The Last Bite – A Note from the Bureau for Food Security Livestock Team
We hope you have enjoyed Agrilink’s livestock month. A rich array of topics has been presented through insightful articles and videos. We hope to have connected you with additional knowledge platforms and networks and inspired you in your work.
Over the course of the month, blog posts from four continents have been shared, representing perspectives from livestock keepers and leading livestock experts, drawn from the private sector, International Livestock Research Institute (ILRI), Food and Agriculture Organization (FAO), and World Organisation for Animal Health (OIE), implementing partners, universities, three different U.S. government departments and from specialists outside the sector. We believe a multi-disciplinary approach is critical if we are to tackle the complex issues the livestock sector must confront. Look out for one last cross-over blog on livestock and technology as Agrilinks boots up Digital Agriculture Month in December.
To all our contributors, many thanks for generously sharing your perspectives and experiences and for playing your role in advancing learning and knowledge exchange.

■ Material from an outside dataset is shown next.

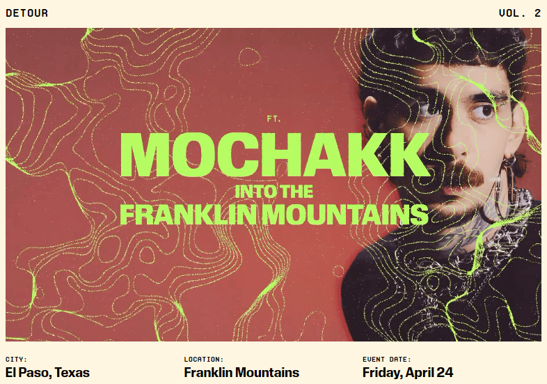 El concepto Detour es creado por J&K Present, promotora local reconocida por traer propuestas innovadoras y artistas de alto perfil a la región fronteriza. La idea detrás de esta serie es clara: convertir espacios emblemáticos de la ciudad en experiencias inmersivas de un solo día, donde el entorno no es solo un fondo, sino parte esencial del espectáculo. No se trata únicamente de un concierto, sino de una producción cuidadosamente curada que combina sonido, ubicación y comunidad.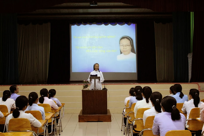 La monja Tran Thi Kim Huong presenta a estudiantes locales

Although the focus of this month has been livestock, integration with crop production and the natural environment is the pathway to sustainable solutions. The articles over the month demonstrate the tremendous heterogeneity of production systems, the marked differences between and within developing and developed countries, the multifunctional nature of the roles livestock play and the need for data and evidence to support policy makers and other stakeholders including consumers in food systems around the world as they deal with complex trade-offs and significant uncertainties.
Several blog posts have made a strong case for a nuanced, evidence-based and balanced approach to addressing the role livestock play in achieving development outcomes. We must work to amplify the positive contribution livestock make but also acknowledge challenges livestock bring with them and seek to mitigate those negative externalities. Solutions must be locally appropriate and acceptable.
For our readers, we hope you have enjoyed the material. If you did, help us to magnify our reach and share a post or other resource with a colleague or counterpart. Is there something you want to know more about? Help us to take the pulse of this Agrilinks audience and share with us the topics which challenge and energize you!
As Thanksgiving fast approaches here in the U.S., we wanted to close out with an article about turkeys. However, having scoured our files for suitable material, the offerings were rather paltry (get it?!). Instead, we would like to share a wonderful article with an embedded short video about another American animal, the bison. There are several lessons we can learn from the fate of this great animal and the indigenous people who sustainably harvested its once vast herds. We might draw encouragement from the positive impact re-introducing these ungulates can have on a landscape’s ecology, biodiversity and productivity. The example in the article of nature-based solutions provides lessons that are relevant to the challenges we face today as we strive to achieve sustainable livestock production.
Happy holidays, we are thankful for the wonderful global livestock community we are part of.